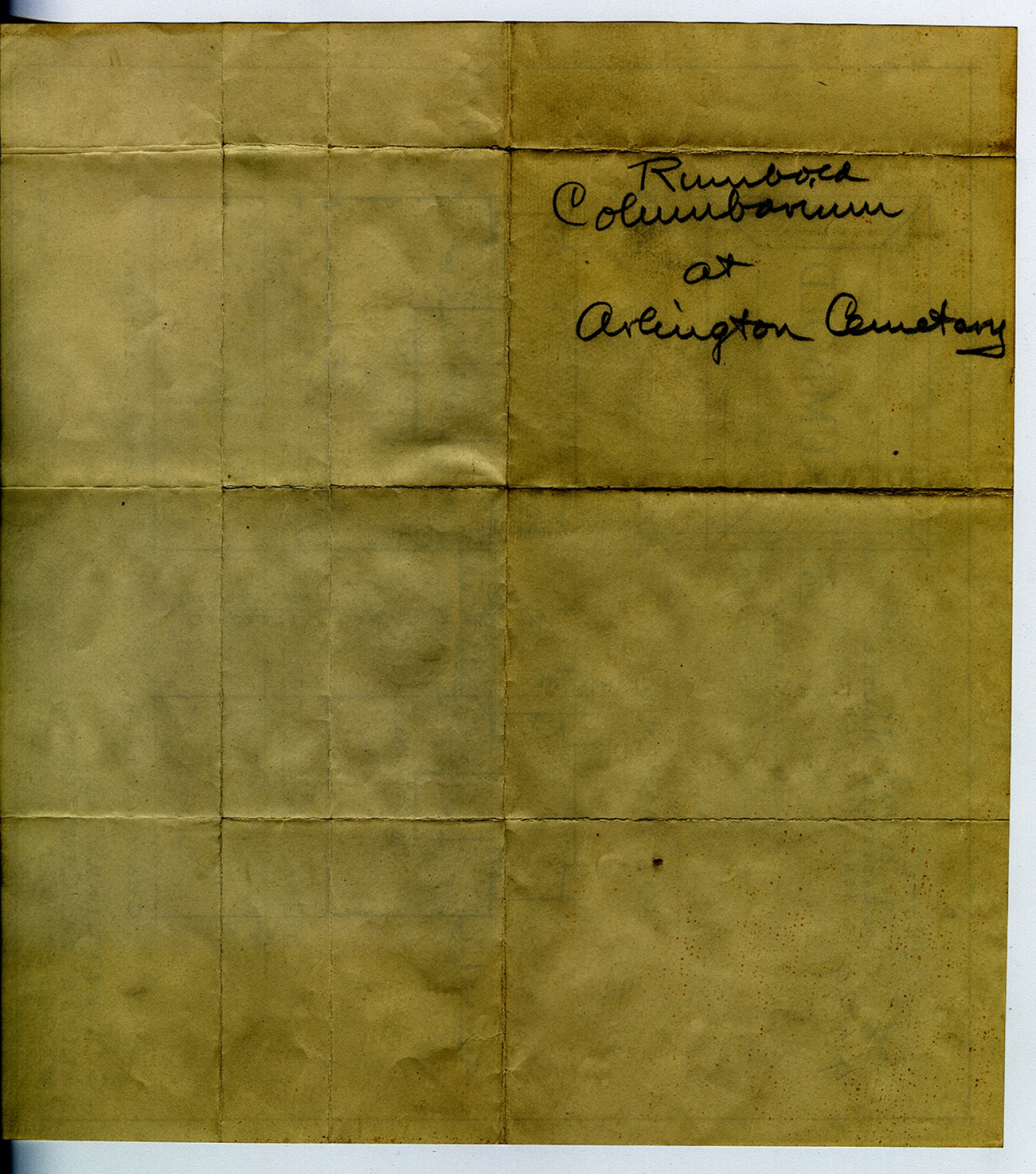 | Description | Burial plan for Colonel Frank M. Rumbold at Arlington Cemetery. Frank Meeker Rumbold served as Colonel of the 128th Field Artillery during World War I. He later served as Adjutant General of Missouri from 1925 to 1927. |
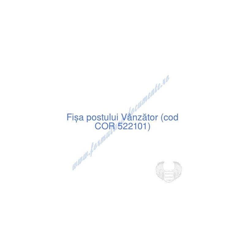 Vă oferim Fişa postului pentru ocupația de Vânzător și Fişă pentru evaluarea anuală a performanțelor individuale ale ocupantului postului de Vânzător, gata redactate, în format editabil DOC, descărcabile direct din contul dvs. de pe site.
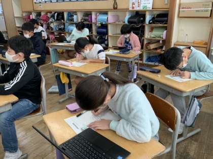 図画工作科ではコリントゲームの製作に取り組んでいます。今日は、自分の願いを整理するイメージマップをつくりました。「こんな作品にしたい」思いをしっかりともって取り組んでいきます。
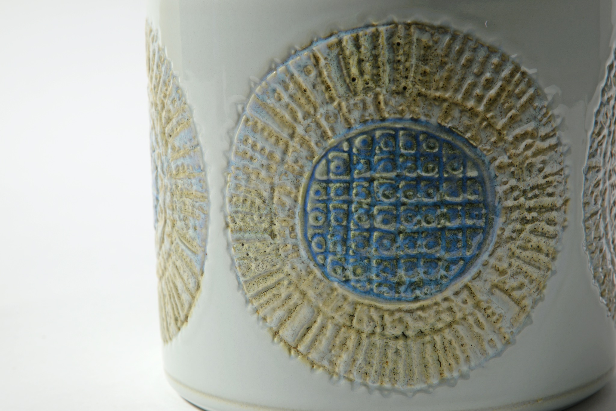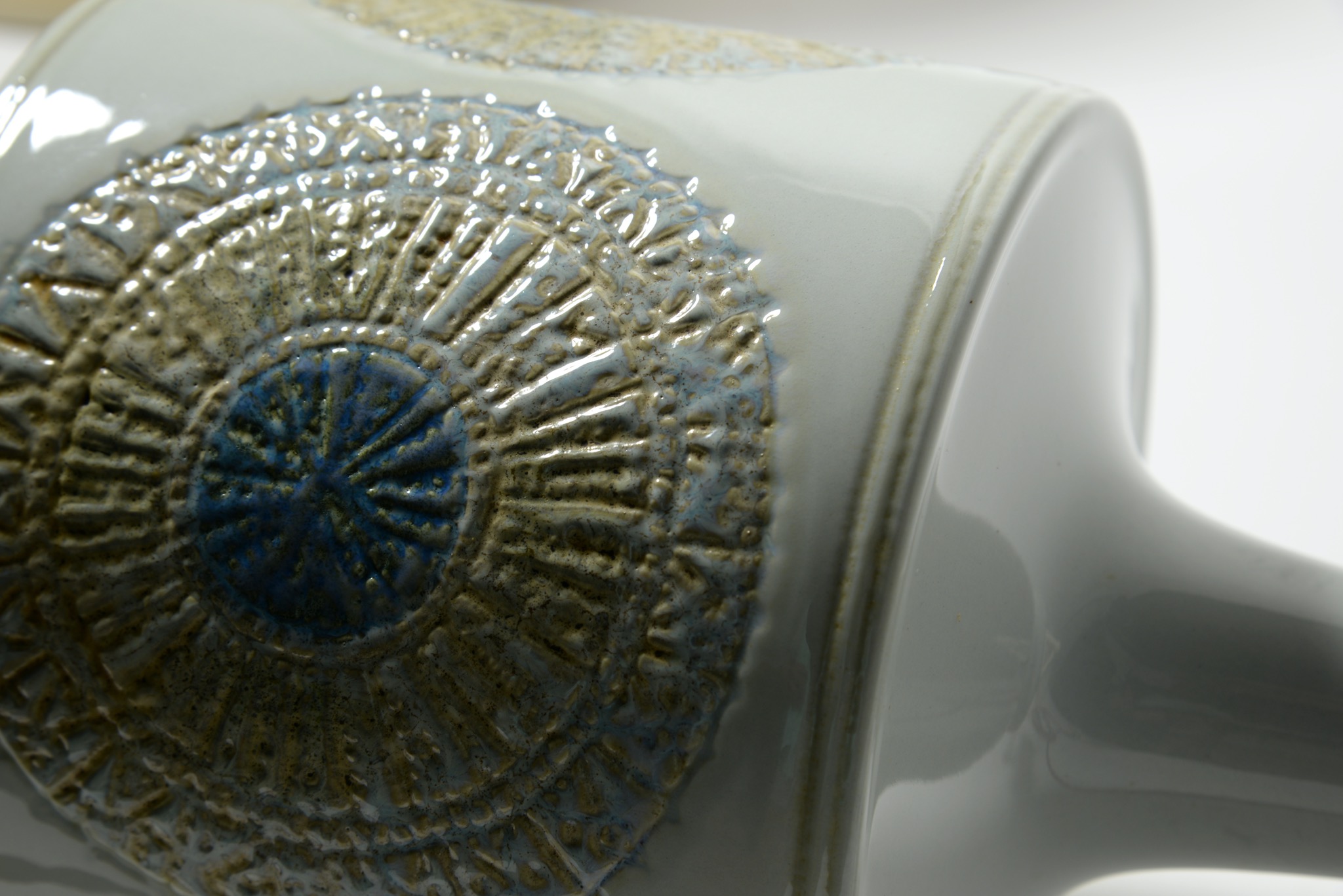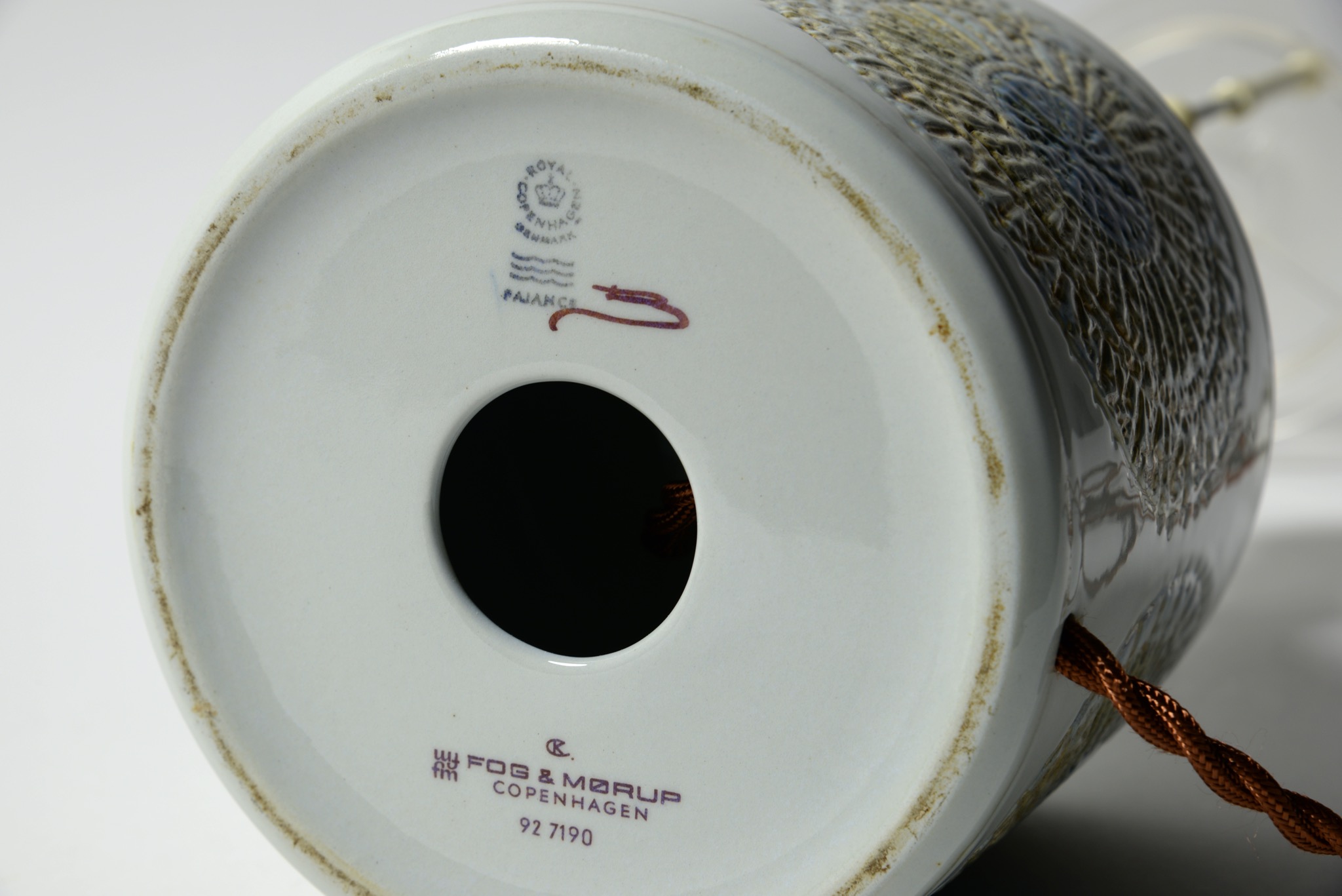 ロイヤルコペンハーゲン窯の”TENERA”をベースとしたテーブルランプです。デザイナーはノルウェー出身の若き女性デザイナーのKari Christensen/カリ・クリステンセンによるもので、照明メーカーのFog & Mörup社とのコラボレーションサインが確認できます。シェードはデッドストックのようで綺麗ですが、僅かな染みがあります。コンディションは良好です。
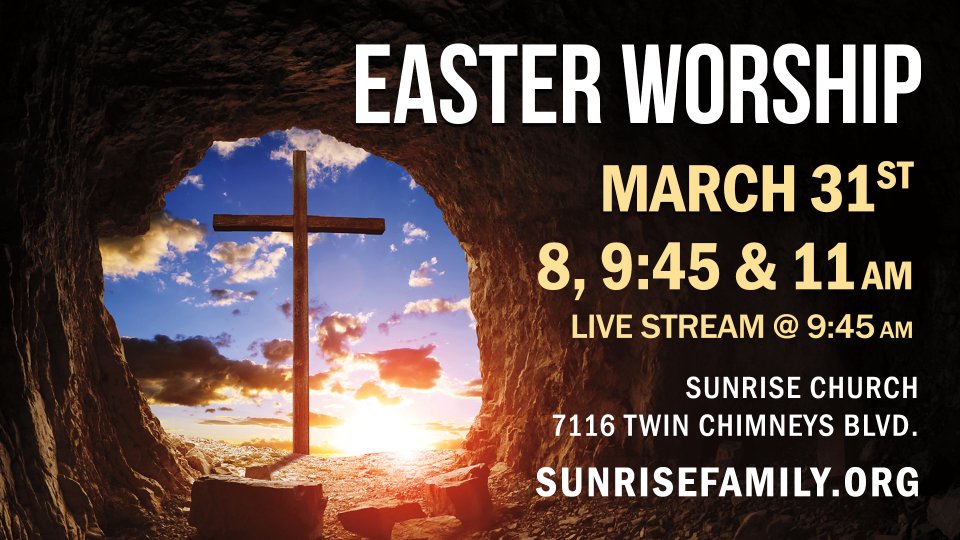 Join us for any of our three worship services on Easter Sunday. Childcare (infant through 4 years old) is available at the 9:45 and 11 am services. There will be no SunKids but fun Easter activites for the older kids to do in worship. SEEDS Children's Choir will be singing at the 11 am service as well. Live stream @ 9:45 am.
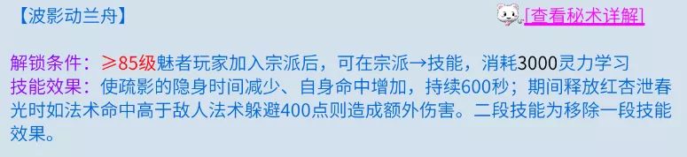 魅者的秘术【波影动兰舟】会降低隐身时间,但打方士等职业需要无限隐身,可以选择自己手动关闭秘术,灵活运用。打画魂时尽量不开秘术,因为没有把握的话容易现身。
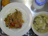 カレーピラフ 牛乳 レタススープ 大豆とコーンのフリッター ☆今日のフリッター...
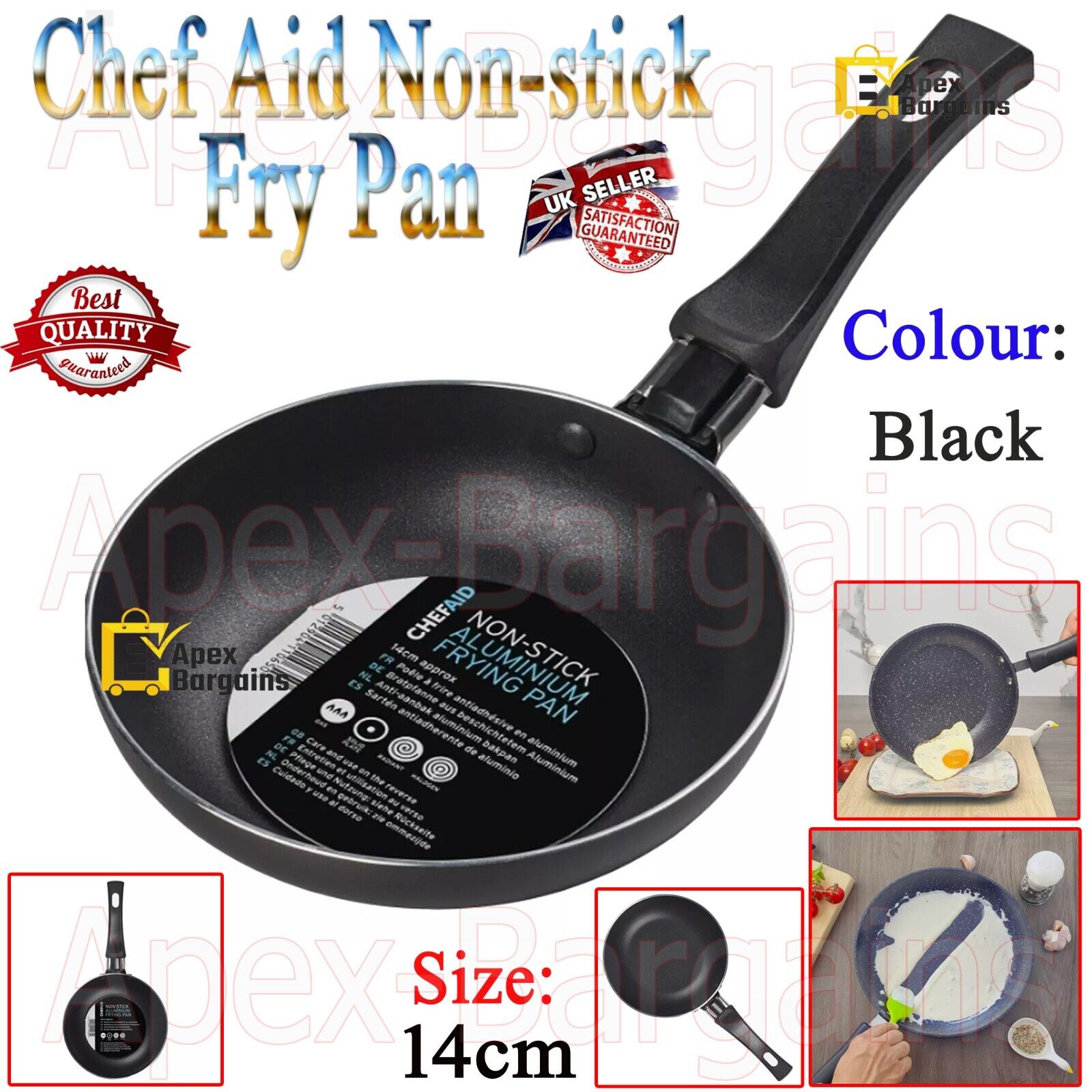 14cm Chef Aid Mini One Egg Frying Fry Pan Round Small Aluminium Black Non Stick
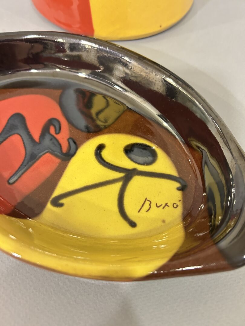 294,1 ESTIMATION: 80 / 120 € Thomas BUXO (XX°) – Ensemble en céramique émaillé rouge et or à décor de scène de tauromachie, comprenant un broc et deux vides poches
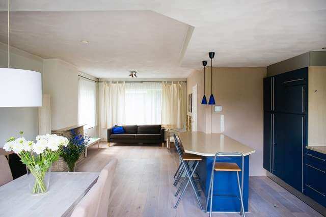 In de woonkamer is het bijzonder licht door de volledig glazen schuifdeuren met uitzicht op de aangelegde achtertuin. De gemeubileerde kamer heeft een open haard en recentelijk vernieuwde houten vloer.
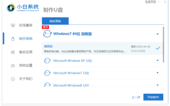 1、下載安裝小白一鍵重裝軟件,選擇制作系統。
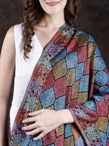 HOT ! Black-Onyx Rayon Stole from Punjab with Woven Multicolor Parsi Design
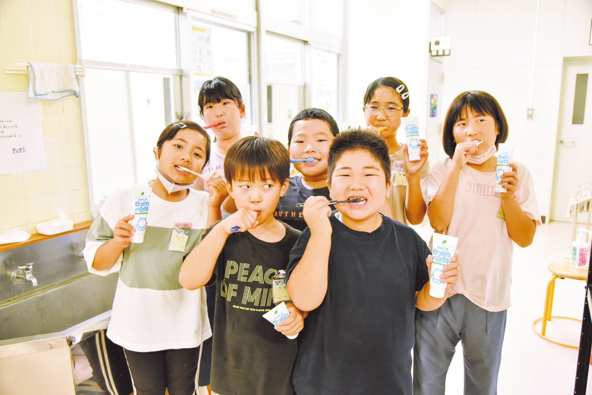 ▲無添加石けんハミガキを使う地島小学校の子供たちの様子
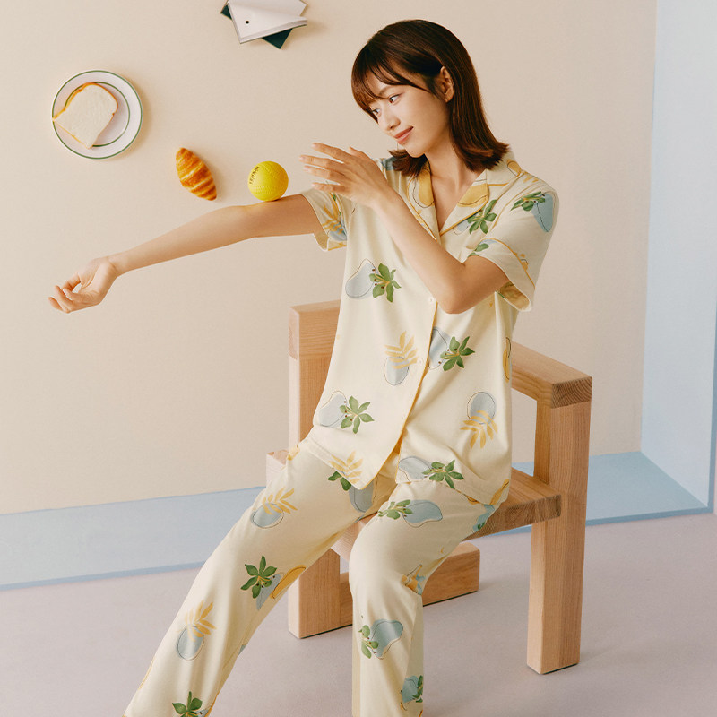 三枪女士家居套夏季纯棉水柔棉甜美印花轻薄透气高级感女睡衣套装

+++

● WHAT TO DO
Quote every record above exactly, leaving out the pictures.

● REPLY
 | Description | Burial plan for Colonel Frank M. Rumbold at Arlington Cemetery. Frank Meeker Rumbold served as Colonel of the 128th Field Artillery during World War I. He later served as Adjutant General of Missouri from 1925 to 1927. |
 Vă oferim Fişa postului pentru ocupația de Vânzător și Fişă pentru evaluarea anuală a performanțelor individuale ale ocupantului postului de Vânzător, gata redactate, în format editabil DOC, descărcabile direct din contul dvs. de pe site.
 図画工作科ではコリントゲームの製作に取り組んでいます。今日は、自分の願いを整理するイメージマップをつくりました。「こんな作品にしたい」思いをしっかりともって取り組んでいきます。
 ロイヤルコペンハーゲン窯の”TENERA”をベースとしたテーブルランプです。デザイナーはノルウェー出身の若き女性デザイナーのKari Christensen/カリ・クリステンセンによるもので、照明メーカーのFog & Mörup社とのコラボレーションサインが確認できます。シェードはデッドストックのようで綺麗ですが、僅かな染みがあります。コンディションは良好です。
 Join us for any of our three worship services on Easter Sunday. Childcare (infant through 4 years old) is available at the 9:45 and 11 am services. There will be no SunKids but fun Easter activites for the older kids to do in worship. SEEDS Children's Choir will be singing at the 11 am service as well. Live stream @ 9:45 am.
 魅者的秘术【波影动兰舟】会降低隐身时间,但打方士等职业需要无限隐身,可以选择自己手动关闭秘术,灵活运用。打画魂时尽量不开秘术,因为没有把握的话容易现身。
 カレーピラフ 牛乳 レタススープ 大豆とコーンのフリッター ☆今日のフリッター...
 14cm Chef Aid Mini One Egg Frying Fry Pan Round Small Aluminium Black Non Stick
 294,1 ESTIMATION: 80 / 120 € Thomas BUXO (XX°) – Ensemble en céramique émaillé rouge et or à décor de scène de tauromachie, comprenant un broc et deux vides poches
 In de woonkamer is het bijzonder licht door de volledig glazen schuifdeuren met uitzicht op de aangelegde achtertuin. De gemeubileerde kamer heeft een open haard en recentelijk vernieuwde houten vloer.
 1、下載安裝小白一鍵重裝軟件,選擇制作系統。
 HOT ! Black-Onyx Rayon Stole from Punjab with Woven Multicolor Parsi Design
 ▲無添加石けんハミガキを使う地島小学校の子供たちの様子
 三枪女士家居套夏季纯棉水柔棉甜美印花轻薄透气高级感女睡衣套装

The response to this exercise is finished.